MEG data were acquired while participants were seated inside a magnetically shielded room (IMEDCO). Participants were instructed to keep their eyes on a fixation dot displayed in the center of the screen approximately 1 m in front of them. Three consecutive 3 min long recordings (filter, 0.03–330 Hz; sampling rate, 1000 Hz) were obtained using a whole-head VectorView MEG system (Elekta-Neuromag; 306 sensors arranged in 102 triplets of two orthogonal planar gradiometers and one magnetometer). The position of a participant's head with respect to the MEG sensor array was recorded continuously by means of four head position indicator coils (Uutela et al., 2001). To enable co-registration of the MEG and MRI data, a Fastrak digitizer (Polhemus), integrated with the Vectorview system, was used to record the locations of three fiduciary points (nasion and auricular points, which defined a head-based coordinate system), as well as of the four head position indicator coils and approximately 200 points, which digitized the head surface. The electrooculogram was recorded concurrently to identify epochs containing artifacts due to vertical and horizontal eye movements or blinks.

Structural MRI data (T1-weighted magnetization-prepared rapid gradient echo, [MPRAGE]; voxel size, 1 mm³; FoV, 256 × 256 × 176; repetition time 2530 ms; echo time, 1.64 ms; inversion time, 1200 ms; flip angle, 7°) were acquired using a 3.0T Siemens Trio whole-body magnetic resonance scanner (Siemens Medical Systems) and a 32-channel head coil. Structural images of each participant were registered to the MNI152 standard brain to allow performing all subsequent source space analyses in the MNI space. The locations of the MEG sensors with respect to the anatomy were determined by registering the head surface digitized during the MEG session to the head surface extracted from the structural MRI.

2.3. Data pre-processing

Each MEG recording was visually inspected to identify channels and/or time-intervals of data containing obvious artifacts (e.g., extremely high variance), which were discarded. The data were spatially filtered using the signal space separation method (Elekta-Neuromag Maxfilter software) to suppress noise generated by sources outside the brain and correct for head motion (Taulu et al., 2004; Taulu and Simola, 2006). Cardiac and ocular artifacts were removed by signal space projection (Uusitalo and Ilmoniemi, 1997), using the MNE-python software (Gramfort et al., 2013; Gramfort et al., 2014). Following artifact rejection, the MEG data were converted to SPM12 (Friston et al., 2007), and frequency filtered into a wide band between 4 and 30 Hz, which is characterized by a relatively high signal to noise ratio (SNR) (Hipp and Siegel, 2015). Because neural populations within different functional brain networks have previously been shown to oscillate at slightly different frequencies (Hacker et al., 2017; Mantini et al., 2007), three additional datasets were created by frequency filtering the data into narrow bands, including theta (4–7 Hz), alpha (8–12 Hz), and beta (15–30 Hz).

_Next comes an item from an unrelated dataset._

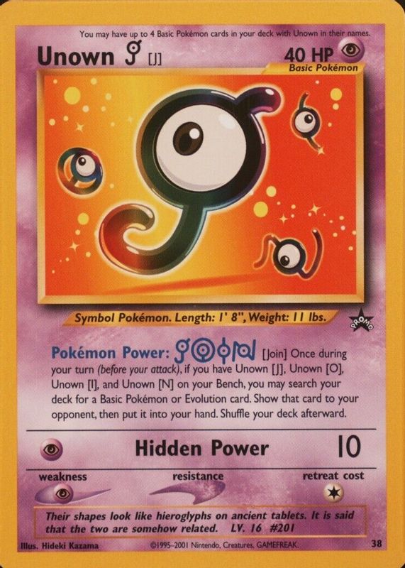Unown J's Pokemon cards are available in at least 2 sets. Unown J's biggest 7-day price movers are 2001 Wizards Black Star Promo #38 Base (Movie Promo), 2008 Diamond & Pearl: Legends Awakened #076/146 Base, and 2008 Diamond & Pearl: Legends Awakened #076/146 Reverse Holo.

In addition, to quantify ultra-slow electrophysiological potentials (see Appendix D), we lowpass-filtered the data at 0.1 Hz. All datasets were then downsampled to 200 Hz.

2.4. Analysis tools

MATLAB (The MathWorks Inc., Natick, MA) scripts utilizing several software packages were used to analyze the data (see https://www.ohba.ox.ac.uk/groups/analysis-group for sample scripts). The software packages included FSL (Jenkinson et al., 2012), SPM12 (Friston et al., 2007), Fieldtrip (Oostenveld et al., 2011), and FreeSurfer (Dale et al., 1999; Fischl et al., 1999).

2.5. Source analysis

The pre-processed MEG data, wide/narrow band and ultra-slow datasets, were projected separately onto a regular 8-mm grid spanning the entire brain using a linearly constrained minimum variance (LCMV) scalar beamformer implemented in SPM12 (Van Veen et al., 1997; Vrba and Robinson, 2001; Woolrich et al., 2011). Previously, beamforming has been shown to provide verifiable neural source estimates and to effectively reject interference from non-brain sources in the MEG signal (Sekihara et al., 2006; Sekihara et al., 2001). To account for variations in the sensitivity of the beamformer at different locations in the brain, the projected data were scaled by an estimate of the projected noise (Van Veen et al., 1997; Vrba and Robinson, 2001).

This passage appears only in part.